Optogenetics: Lighting the Way for Neuroscience


The light bulb moment! That instant that you suddenly understand Newton’s third law of motion, when you think of the perfect gift to wow your significant other, or when you have an unexpectedly epiphany about the meaning of life, the universe and everything (it’s 42). It’s almost like your brilliant idea causes a light to switch on in your brain and you feel…illuminated.

But, what if it was the other way around? Rather than your brainwave causing a metaphorical light bulb to appear, what if a flash of light could actually make your brain cells activate? Well, my friends, it can. What I’m talking about here is a relatively new research technique called optogenetics, and it is essentially controlling biological cells with light.

Scientists in many fields have been particularly excited, even giddy, over optogenetics. In 2010, this technique was named Method of the Year by Nature Methods for its “potential to illuminate unexplored avenues of science.” It has even been called “the most revolutionary thing that has happened in neuroscience in the past couple of decades.” So what makes optogenetics so great, you ask? Well, let’s look at an example from neuroscience.

One of the best ways to learn how different pieces of the brain work is to stimulate brain cells (neurons), and see what happens. Stimulating neurons can be tricky, though. One common technique is to use electricity to stimulate the brain. Since neurons are essentially tiny electrical components in the most complex circuit ever (your noggin), electrical stimulation can be used to jump-start a particular area of the brain and observe its effects. A big problem with this approach, though, is that it is not very precise.

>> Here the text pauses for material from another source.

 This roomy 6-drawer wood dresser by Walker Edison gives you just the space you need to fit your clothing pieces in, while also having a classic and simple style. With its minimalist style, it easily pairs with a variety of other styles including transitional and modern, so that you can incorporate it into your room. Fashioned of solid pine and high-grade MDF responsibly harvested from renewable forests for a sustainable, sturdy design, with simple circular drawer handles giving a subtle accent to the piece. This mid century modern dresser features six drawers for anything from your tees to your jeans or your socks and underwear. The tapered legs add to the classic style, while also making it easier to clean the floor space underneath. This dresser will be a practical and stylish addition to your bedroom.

If the brain is my laptop and I’m trying to type the letter J, electrical stimulation is something like pounding the keyboard with my fists: FNBJ, HKMJ, HJMH! Sure, I’ve got some J’s in there, but I’ve got a whole lot of other stuff, too. This can make it pretty hard to decipher cause-and-effect in the brain, since you may not know the repercussions of all those M’s, H’s, and K’s around each J. Other research techniques have similar issues, such as using drugs to target certain areas of the brain, which can be imprecise as well as slow-acting.

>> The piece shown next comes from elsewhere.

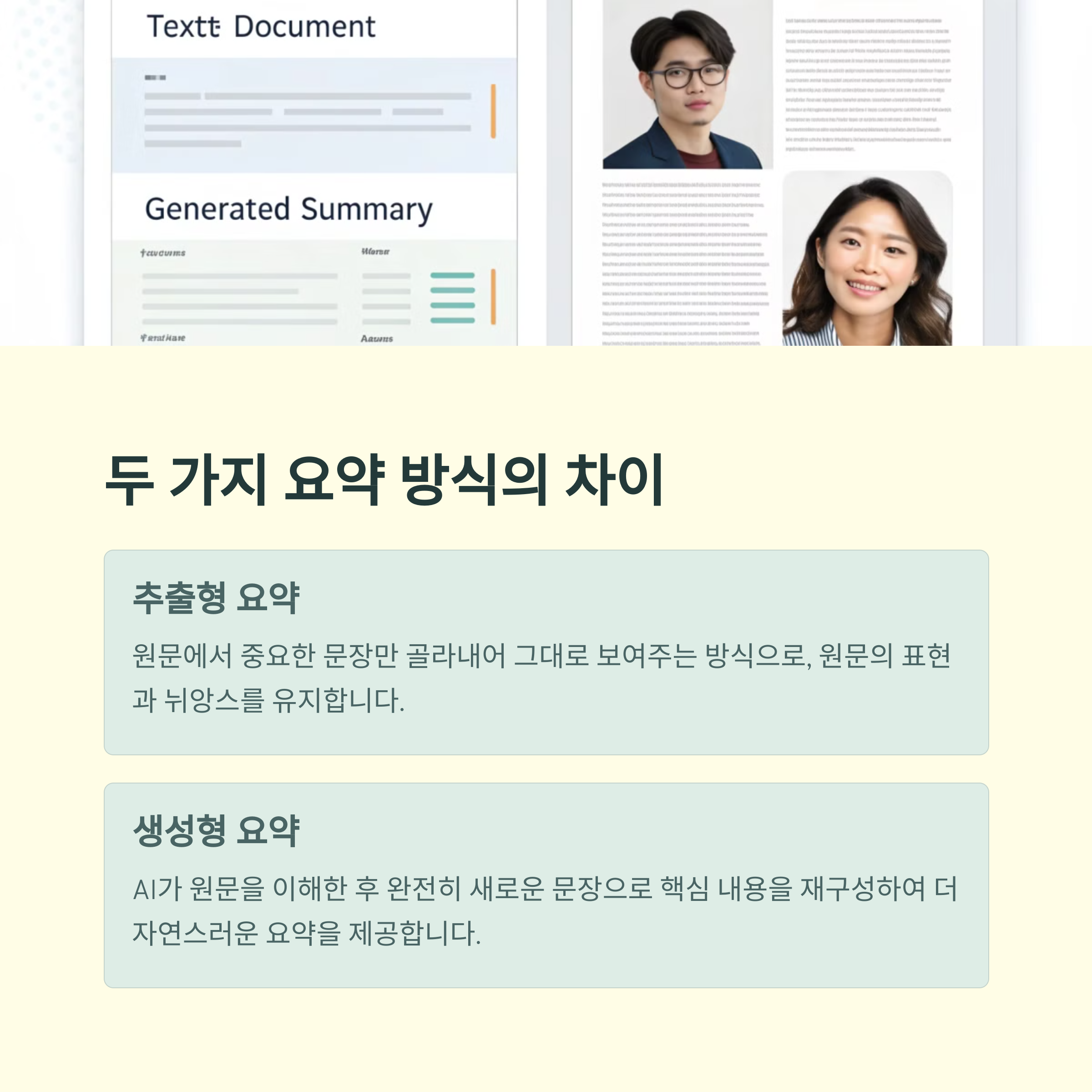 | 기능 | 원문에서 주요 문장 그대로 추출 | 원문 내용을 재구성해 새로운 문장 생성 |
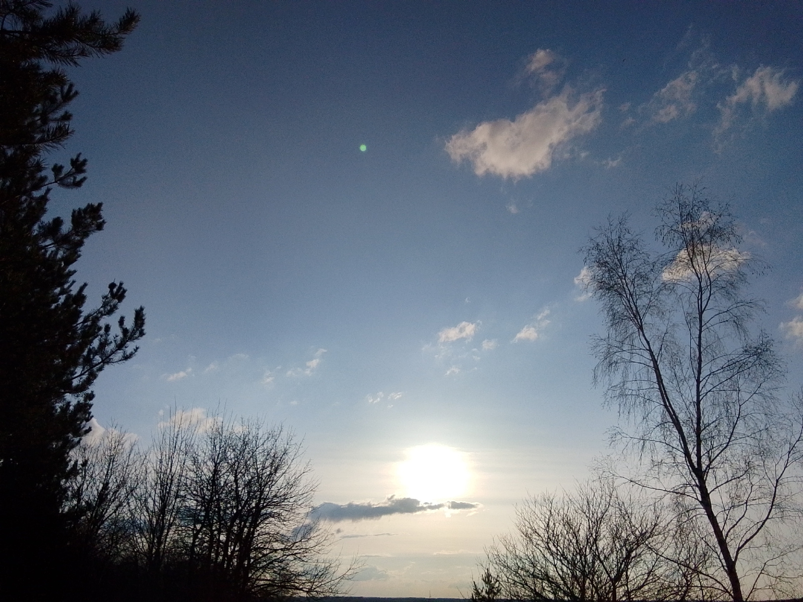 This image captures a serene outdoor landscape, likely in a rural or forested area, set against a vast sky. The scene is dominated by natural elements, with no people visible. The sky, transitioning…read more

Optogenetics, on the other hand, allows scientists to switch very specific neurons on and off like a light bulb – in fact, with a light bulb (or, more commonly, with a fiber optic cable). This is made possible by opsins, which are light-sensitive proteins. With genetic engineering, researchers can infect specific neurons with the genes required to manufacture opsins, transforming the target cells into neurons that fire in response to light as well as electricity. Very specific cell types can be targeted by preceding the opsin gene with a specific “promoter gene,” which is only activated in cells that have the appropriate cellular machinery. In this way, many cells can be infected, but only the target cells will end up expressing the opsin gene and becoming sensitive to light.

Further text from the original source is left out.